Рассказ о всех бедствиях, обрушившихся на Турамбара, был бы слишком долог. К счастью, сейчас в распоряжении заинтересованного читателя имеется не только соответствующая глава «Сильмариллиона», но и выпущенная Кристофером Толкином книга отца «Дети Хурина» — о судьбе Турина и его сестры. Из трагедий мы упомянем лишь самые страшные: невольное убийство своего друга, вина за гибель Нарготронда и брак с неузнанной сестрой, потерявшей память. Такая концентрация жутких событий вполне во вкусе скандинавских сказаний, о которых Гуревич писал: «Героическую поэзию привлекали… не победы и триумфы, но неудачи, поражения, гибель… персонажей… рассматриваемых в единоборстве с судьбой».
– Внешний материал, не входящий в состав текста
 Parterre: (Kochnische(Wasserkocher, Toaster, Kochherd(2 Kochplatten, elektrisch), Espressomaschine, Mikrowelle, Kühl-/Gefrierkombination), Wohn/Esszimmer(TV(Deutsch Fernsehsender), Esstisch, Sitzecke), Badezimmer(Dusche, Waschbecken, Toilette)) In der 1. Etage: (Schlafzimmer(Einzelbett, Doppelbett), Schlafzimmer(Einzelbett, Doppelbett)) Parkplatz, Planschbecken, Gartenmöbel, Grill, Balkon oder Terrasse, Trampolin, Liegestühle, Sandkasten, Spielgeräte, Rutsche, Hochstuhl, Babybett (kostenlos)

Победив дракона и услышав от него, умирающего, правду о своем невольном инцесте, Турамбар бросается на меч. Это самоубийство — важная часть парадигмы скандинавской героики. Опять процитируем Гуревича: «Герой гибнет, и это не случайно. Только в смерти, в ее приятии, в поведении героя перед лицом ее завершается его становление. Чем беспримернее его гибель, чем ужаснее и неслыханней ее обстоятельства, чем более выходят они за пределы обычного, тем величественнее герой и тем более впечатляет воспевающая его песнь». Относительно самоубийства Гуревич приводит цитату из «Саги об Инглингах», где говорится: «Эта судьба казалась всем… наилучшей для потомка конунга — умереть самому и добровольно завершить свою славную жизнь».
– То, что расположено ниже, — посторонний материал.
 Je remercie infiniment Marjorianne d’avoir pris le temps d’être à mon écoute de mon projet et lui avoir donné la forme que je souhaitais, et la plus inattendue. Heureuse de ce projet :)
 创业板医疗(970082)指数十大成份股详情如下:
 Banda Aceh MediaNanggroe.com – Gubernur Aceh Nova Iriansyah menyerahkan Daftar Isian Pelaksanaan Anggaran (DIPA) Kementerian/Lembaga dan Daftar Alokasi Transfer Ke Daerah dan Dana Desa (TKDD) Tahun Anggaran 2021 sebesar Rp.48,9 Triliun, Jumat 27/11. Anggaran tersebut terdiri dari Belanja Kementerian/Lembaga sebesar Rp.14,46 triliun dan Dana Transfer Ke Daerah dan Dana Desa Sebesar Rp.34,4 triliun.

На фоне столь глубоких, основополагающих заимствований из скандинавской поэтики героического значительно скромнее смотрятся прямые цитаты. Мотив инцеста Турина с родной сестрой заставляет вспомнить «Сагу о Вёльсунгах», где происходит инцест между Сигмундом и Сигню, оттуда же напрямую взят эпизод в истории Берена, который с отрядом эльфов заточен в темнице Саурона, куда каждую ночь приходит волк и пожирает одного из них; Сигмунда спасает хитрость Сигню, Берена — появление его возлюбленной Лучиэни. Еще одна прямая цитата (не вошедшая в окончательный текст «Сильмариллиона», но сохранившаяся в черновиках) из эддического сказания о Сигурде: подобно тому, как скандинавский герой убивает дракона, вырыв яму на тропе и поразив его мечом в брюхо, Турин убивает дракона Глаурунга, спрятавшись в расщелине, пока Великий Червь проползает над ним. Гораздо важнее отметить другое заимствование. Современное сознание представляет дракона существом с лапами и кожистыми крыльями, однако в скандинавской мифологии этим термином обозначается исполинский змей, способный только ползать. Толкин в «Сильмариллионе», когда пишет о Глаурунге и его драконьем выводке (испепелившем Белерианд в Битве Внезапного Пламени), также подразумевает змеев — огнедышащих, обладающих магией, но лишенных лап и крыльев. Повторим прозвище Глаурунга — Великий Червь. Так что, когда мы видим, например, на картине Тэда Несмита сцену гибели Нарготронда, где Глаурунг выглядит как типичный динозавр, то следует понимать, что такое изображение порождено стремлением представить монстра наиболее эффектно.
Семь богов и семь богинь
Толкинистская субкультура давно заметила, что в «Сильмариллионе» число Валар — Стихий Мира — совпадает с количеством богов в «Перебранке Локи», знаменитой песни «Старшей Эдды». Как нам представляется, это как раз тот случай, когда факт совпадения (и, возможно, факт осознанного заимствования) ничего не добавляет к пониманию мира Толкина.
Восставший в Мощи.
© Художник Елена Куканова
Прежде всего «Перебранка Локи» — текст совершенно особенный, взаимные обвинения Локи и богов — это знак нарушения ими человеческих табу и подчеркивание их сверхчеловечности41. Для Толкина подобное немыслимо, в его концепции могущество Валар не нуждается ни в каких доказательствах, тем более «отрицательных». Во-вторых, в «Сильмариллионе» действительно представлены семь Валар, о которых говорится в мужском роде (поскольку это Стихии, то термин «мужчина» неуместен), семь Валиэр, о которых говорится в женском роде, и оппозиционный им Мелькор, Враг Мира, а вот при более внимательном чтении «Перебранки Локи» мы видим, что структура «семь богов, семь богинь и Локи» нарушается в финале, когда появляется бог-громовержец Тор.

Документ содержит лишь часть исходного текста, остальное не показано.